TASK DETAILS:
From the line with "At the heart" to the line with "Bridal Hair Comb", output every line below exactly, both ends included. Skip the pictures.

RECORDS TO USE:

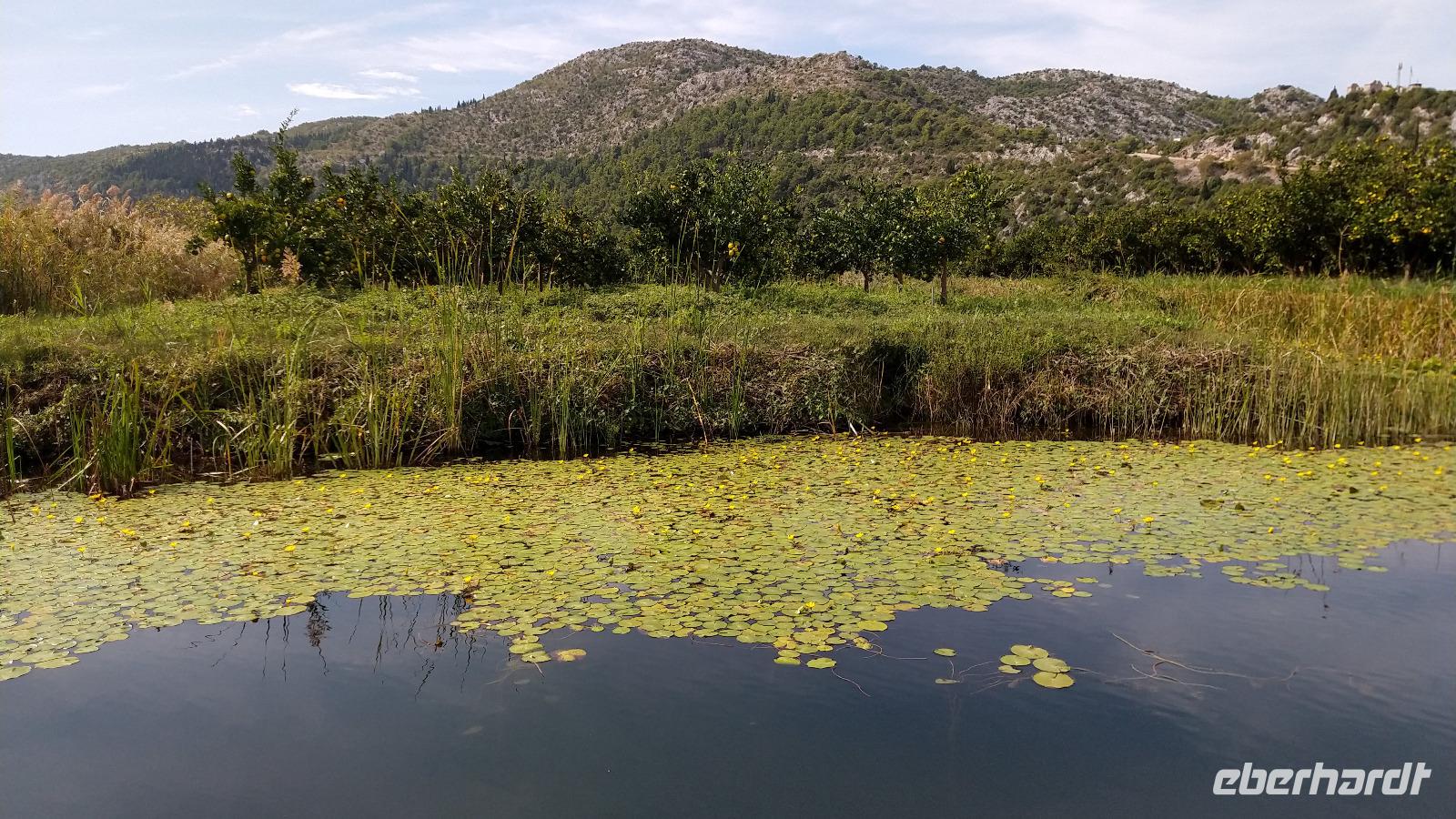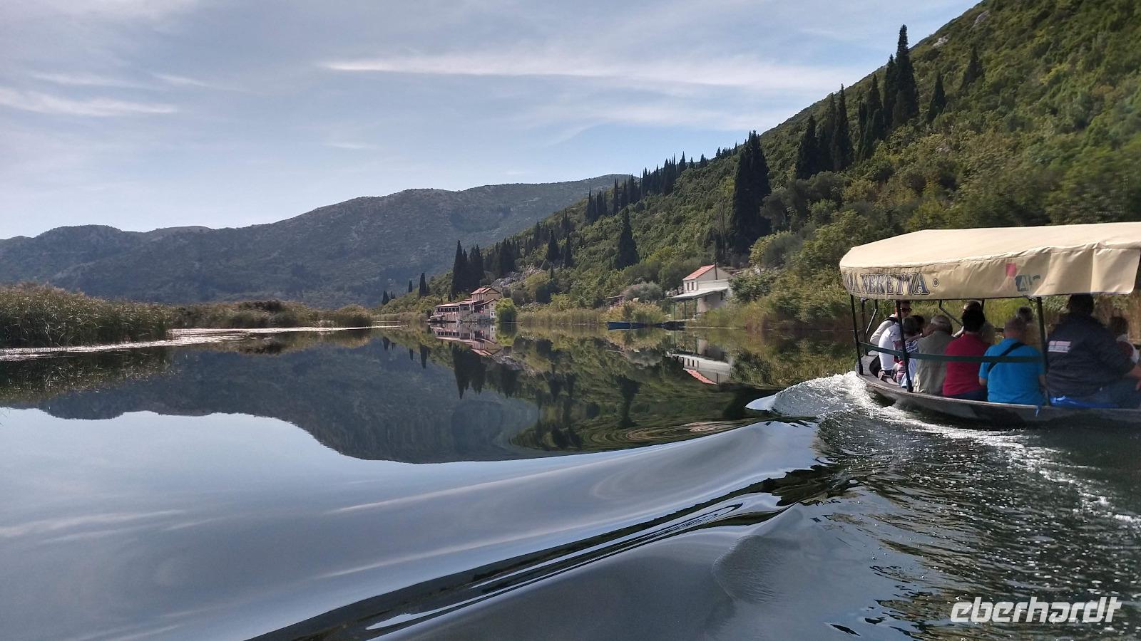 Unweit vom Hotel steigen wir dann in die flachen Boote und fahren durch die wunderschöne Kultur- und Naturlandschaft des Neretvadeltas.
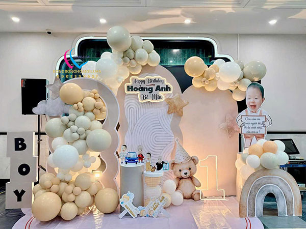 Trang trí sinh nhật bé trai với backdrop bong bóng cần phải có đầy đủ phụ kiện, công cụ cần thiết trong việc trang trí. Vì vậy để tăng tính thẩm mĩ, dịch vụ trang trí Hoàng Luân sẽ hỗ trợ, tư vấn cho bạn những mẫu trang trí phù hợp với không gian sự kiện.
* * *
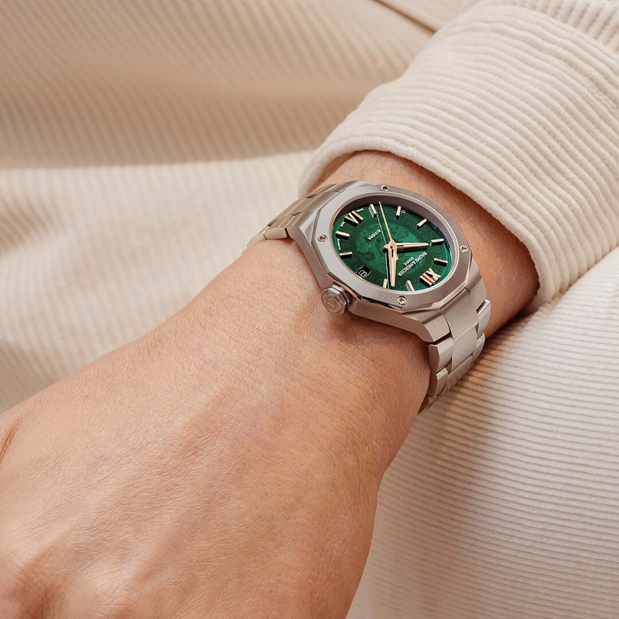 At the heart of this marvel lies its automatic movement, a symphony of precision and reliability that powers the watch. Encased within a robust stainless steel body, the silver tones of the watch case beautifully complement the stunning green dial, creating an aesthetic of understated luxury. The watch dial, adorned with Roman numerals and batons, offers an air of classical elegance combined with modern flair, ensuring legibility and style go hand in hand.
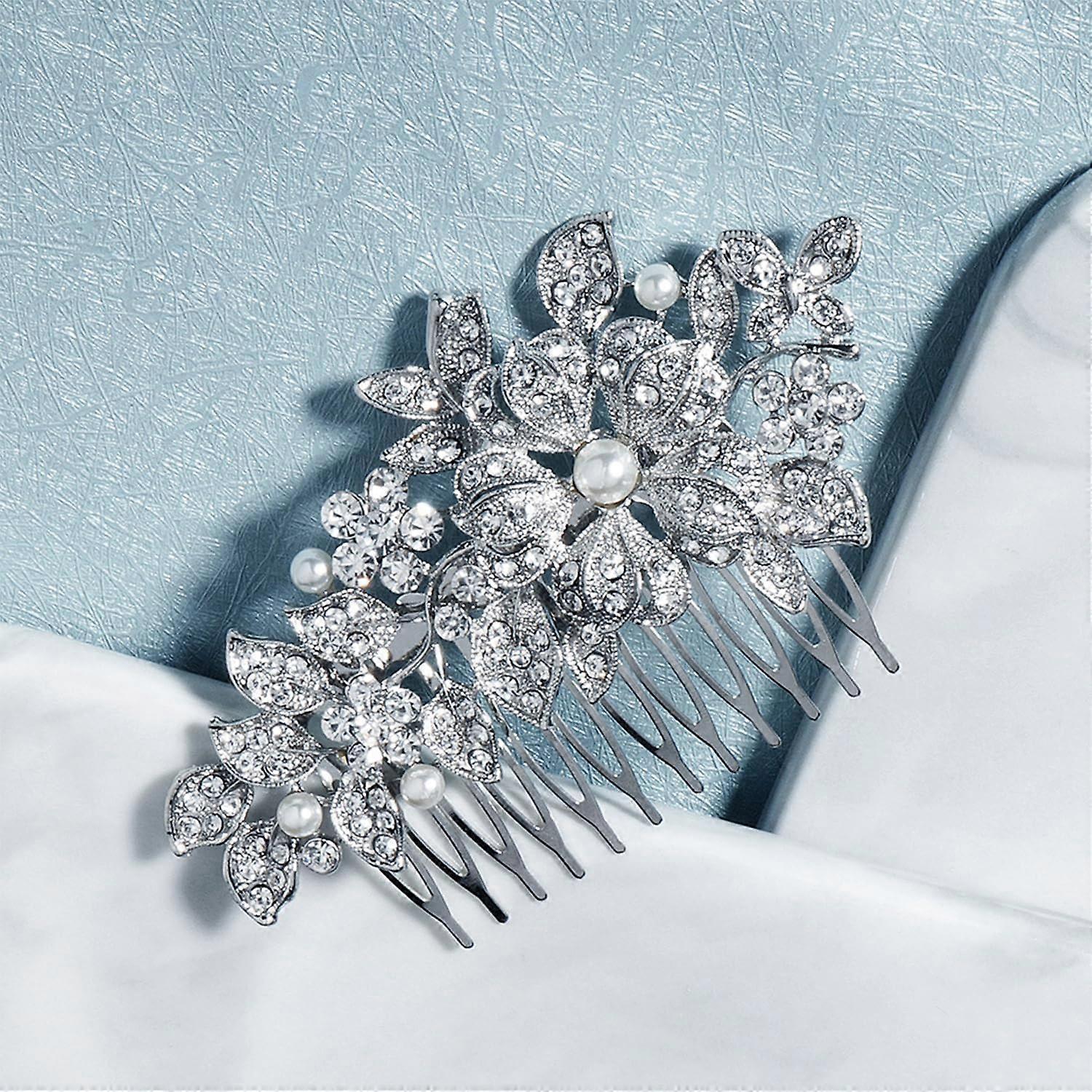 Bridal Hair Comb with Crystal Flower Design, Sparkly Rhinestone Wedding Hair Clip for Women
---
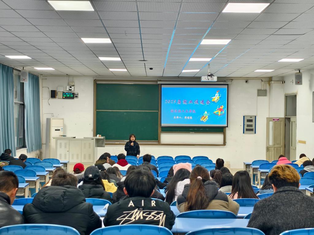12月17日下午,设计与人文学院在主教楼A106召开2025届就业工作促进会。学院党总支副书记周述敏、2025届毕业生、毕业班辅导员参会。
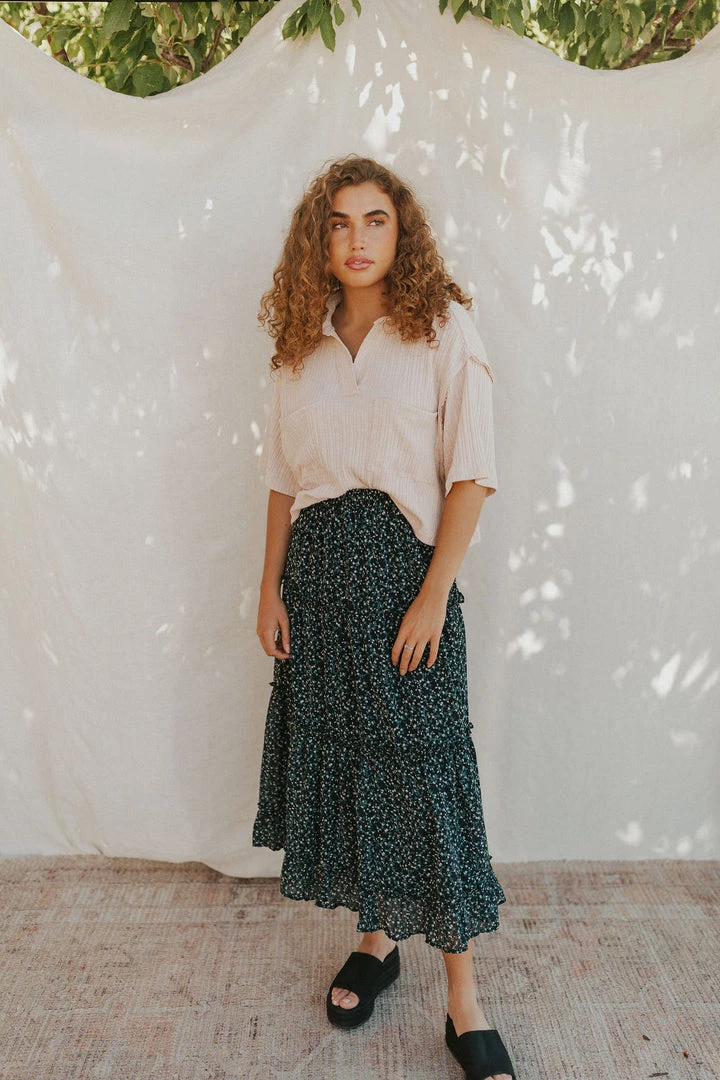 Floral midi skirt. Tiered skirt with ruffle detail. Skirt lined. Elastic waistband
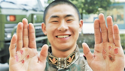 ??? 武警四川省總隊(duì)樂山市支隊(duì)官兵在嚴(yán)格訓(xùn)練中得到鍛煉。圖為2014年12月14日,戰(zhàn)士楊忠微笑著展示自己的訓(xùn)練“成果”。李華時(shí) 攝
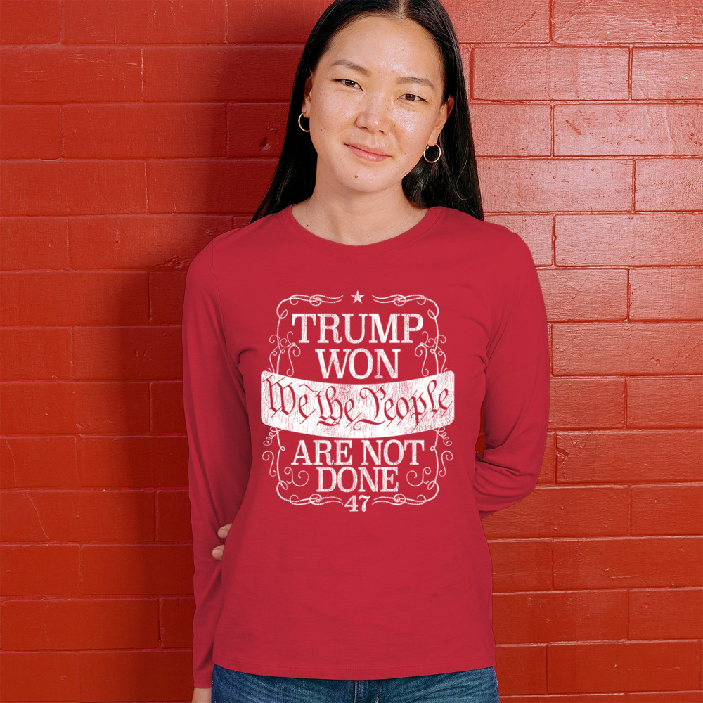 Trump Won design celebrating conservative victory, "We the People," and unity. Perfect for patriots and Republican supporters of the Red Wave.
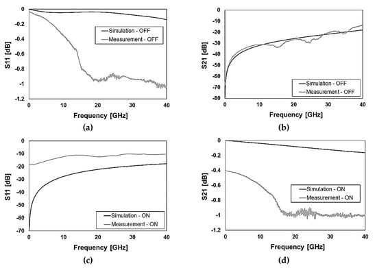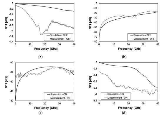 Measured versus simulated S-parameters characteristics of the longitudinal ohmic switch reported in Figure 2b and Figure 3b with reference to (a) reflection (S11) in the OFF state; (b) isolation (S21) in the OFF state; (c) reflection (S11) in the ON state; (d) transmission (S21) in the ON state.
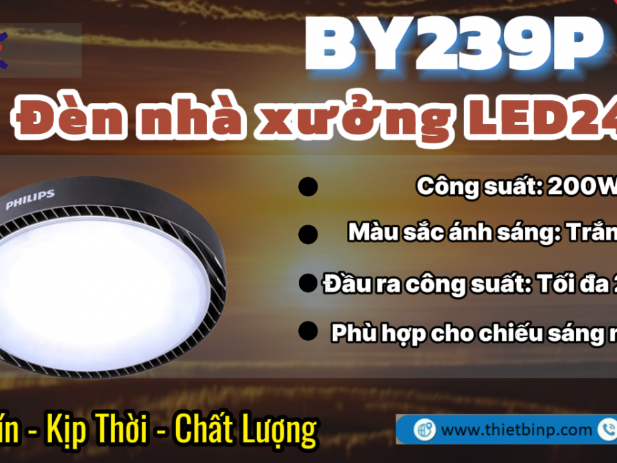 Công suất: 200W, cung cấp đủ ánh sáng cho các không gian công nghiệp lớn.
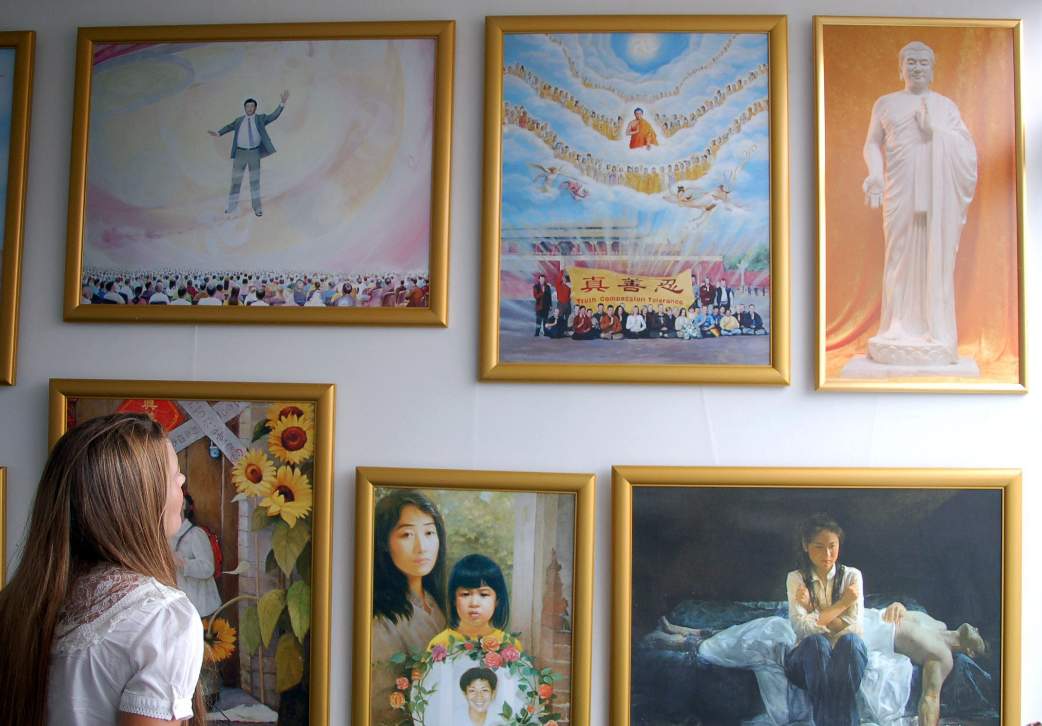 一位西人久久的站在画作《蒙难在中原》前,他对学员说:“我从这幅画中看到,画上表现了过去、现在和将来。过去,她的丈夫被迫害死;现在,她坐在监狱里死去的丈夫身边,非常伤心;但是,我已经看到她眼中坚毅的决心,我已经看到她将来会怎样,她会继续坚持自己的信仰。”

SOLUTION FOR THIS EXERCISE:
 At the heart of this marvel lies its automatic movement, a symphony of precision and reliability that powers the watch. Encased within a robust stainless steel body, the silver tones of the watch case beautifully complement the stunning green dial, creating an aesthetic of understated luxury. The watch dial, adorned with Roman numerals and batons, offers an air of classical elegance combined with modern flair, ensuring legibility and style go hand in hand.
 Bridal Hair Comb with Crystal Flower Design, Sparkly Rhinestone Wedding Hair Clip for Women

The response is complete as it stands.